I have an application that I need to run at a 10mSec rate (100hz) on a Windows 7/32 bit computer (that will also be running other applications at the same time). This interrupt can have some minimally late (100uSec) responses, but must not drift over a prolonged time. I have a program where I have loaded and used the NtSetTimerResolution to set the timers to 10msec resolution, and then created a timer using the CreateTimerQueue/CreateTimereQueueTimer functions with a callback routine that toggles a GPIO pin (for the time being) - this produces the expected square wave, so long as I am not doing anything else with the system. When I start a couple of other processes, the accuracy of my square wave goes out the window. Is there any way to get a higher priority level on the timer interrupt (or is there another timer that I can use) that will produce a more stable output (perhaps the SMI)? My code is below, and is built using the x86 checked build environment of the Windows DDK, and run from a command shell with administrator rights:
/*
Abstract:
Simple console test app for a 10mSec timer interrupt service
Enviroment:
Administrator Mode
*/
/* INCLUDES */
#include <windows.h>
#include <winioctl.h>
#include <stdio.h>
#include <string.h>
#include <stdlib.h>
#include <conio.h>
#include <strsafe.h>
#include <stdlib.h>
#include <stdio.h>
#include <winsock2.h>
#include <mswsock.h>
#pragma warning(disable:4127) // condition expression is constant
FARPROC pNtQueryTimerResolution;
FARPROC pNtSetTimerResolution;
static HANDLE NTDLLModuleHandle;
static HINSTANCE hInpOutDll;
typedef void ( __stdcall *lpOut32 )( short , short );
typedef short ( __stdcall *lpInp32 )( short );
typedef BOOL ( __stdcall *lpIsInpOutDriverOpen )( void );
//Some global function pointers (messy but fine for an example)
lpOut32 gfpOut32;
lpInp32 gfpInp32;
lpIsInpOutDriverOpen gfpIsInpOutDriverOpen;
void CALLBACK TimerProc(void* lpParameter,
BOOLEAN TimerOrWaitFired);
// MAIN
VOID __cdecl main( void )
{
ULONG ulMinRes = 0;
ULONG ulMaxRes = 0;
ULONG ulCurRes = 0;
HANDLE phNewQueue;
HANDLE phNewTimer;
phNewQueue = CreateTimerQueue( );
NTDLLModuleHandle = LoadLibrary( "NTDLL.DLL" );
if( NULL == NTDLLModuleHandle )
{
return;
}
// Get the function pointers,
pNtQueryTimerResolution = GetProcAddress( NTDLLModuleHandle, "NtQueryTimerResolution" );
pNtSetTimerResolution = GetProcAddress( NTDLLModuleHandle, "NtSetTimerResolution" );
if( ( pNtQueryTimerResolution == NULL ) || ( pNtSetTimerResolution == NULL ) )
{
printf( "unable to link to ddl\n\n\n\n\n\n" );
return;
}
pNtQueryTimerResolution( &ulMinRes, &ulMaxRes, &ulCurRes );
printf( "MMR: %d %d %d\n", ulMinRes, ulMaxRes, ulCurRes );
ulMaxRes = 100000;
pNtSetTimerResolution( ulMaxRes, TRUE, &ulCurRes );
pNtQueryTimerResolution( &ulMinRes, &ulMaxRes, &ulCurRes );
printf( "MMR: %d %d %d\n", ulMinRes, ulMaxRes, ulCurRes );
//Dynamically load the DLL at runtime (not linked at compile time)

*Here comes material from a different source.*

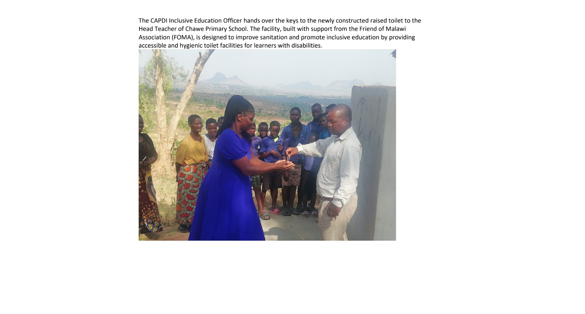 Sungani Chitandale, Programmes Officer with CAPDI explained that this project aims to enhance accessibility to appropriate sanitation facilities for learners with disabilities. By constructing raised toilet blocks with handrails and ramps, students with physical disabilities will benefit from improve hygiene, and contribute to an inclusive learning environment.
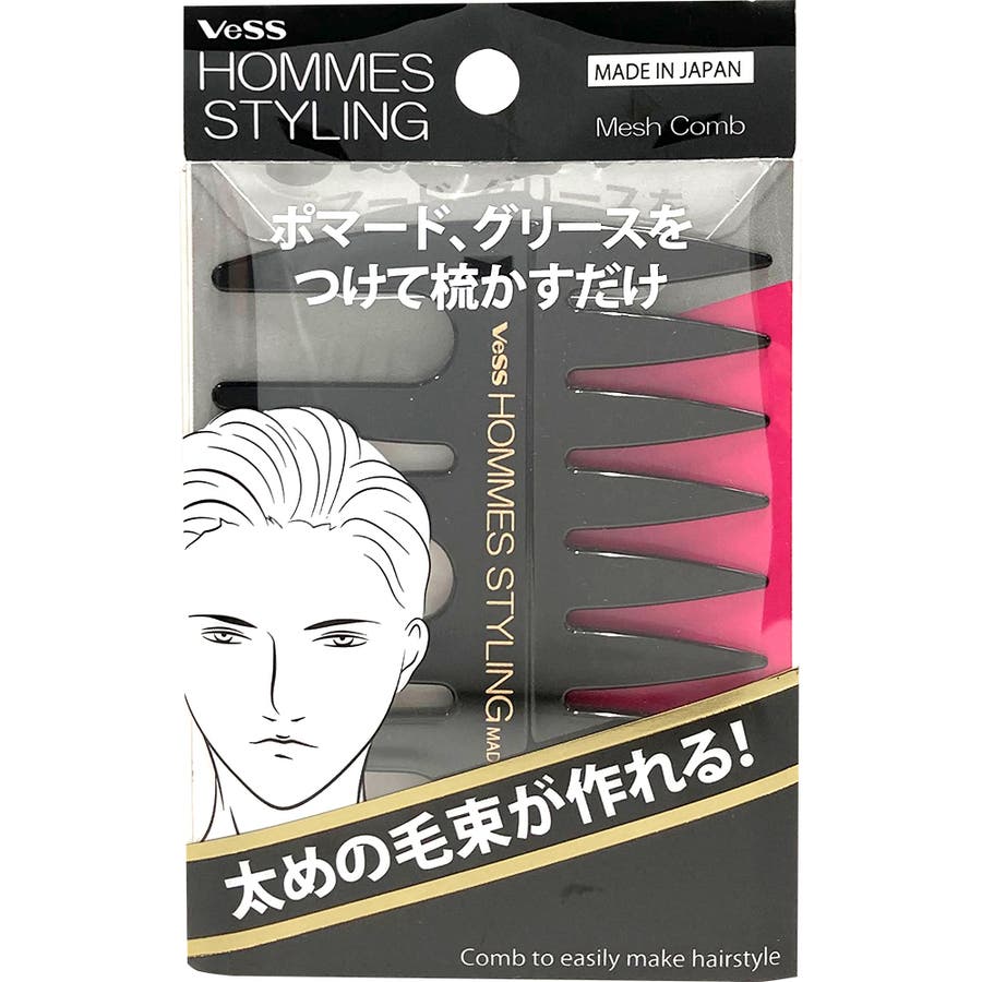 ●太めの毛束が作れる!メッシュコーム!●2種類の異なったあら目のクシ歯で髪のルーズ感、立体感を作り出します。●ワックスやポマードを使用後クシで梳かすだけで手では作り出せない束感を作り出す。●コンパクトサイズが持ち運びしやすく、クシを通すだけの為手が汚れにくい、出先でのスタイリングの手直しにもおススメです。

hInpOutDll = LoadLibrary( "InpOut32.DLL" );
if( hInpOutDll != NULL )
{
gfpOut32 = ( lpOut32 )GetProcAddress( hInpOutDll, "Out32" );
gfpInp32 = ( lpInp32 )GetProcAddress( hInpOutDll, "Inp32" );
gfpIsInpOutDriverOpen
= ( lpIsInpOutDriverOpen )GetProcAddress( hInpOutDll, "IsInpOutDriverOpen" );
if( gfpIsInpOutDriverOpen( ) )
{
gfpOut32( 0xA01, 0x00 );
}
else
{
printf( "unable to create timer system\n\n\n\n\n\n" );
return;
}
}
CreateTimerQueueTimer( &phNewTimer, phNewQueue, TimerProc, NULL, 0, 10,
WT_EXECUTEINTIMERTHREAD );
do
{
Sleep( 1 );
} while( TRUE );
}
void CALLBACK TimerProc(void* lpParameter,
BOOLEAN TimerOrWaitFired)
{
WORD wData;
UNREFERENCED_PARAMETER ( lpParameter );
UNREFERENCED_PARAMETER ( TimerOrWaitFired );
wData = gfpInp32( 0xA00 );
wData++;
gfpOut32( 0xA00, wData );
}
You can use SetThreadPriority to give priority to the critical thread. In this case, you'll probably need to create a thread explicitly and use CreateWaitableTimerEx, SetWaitableTimerEx, and WaitForSingleObjectEx instead of CreateTimerQueueTimer. Make sure the critical thread never spends too long executing between waits, or Windows may stop working properly.
This may not be enough, if the maximum lag is 100 microseconds. You might need to set your process priority class to REALTIME_PRIORITY_CLASS using the SetPriorityClass function, but make sure your program never holds the CPU for long or Windows will stop working properly. In particular, if your program hangs, the entire OS will hang; in this situation, there is no way to stop the program short of turning the power off.
Even this may not be enough. Windows is not a real-time operating system, and it may not be possible to get it do what you're asking for.
My experience with Windows and milli second is that it is not reliable.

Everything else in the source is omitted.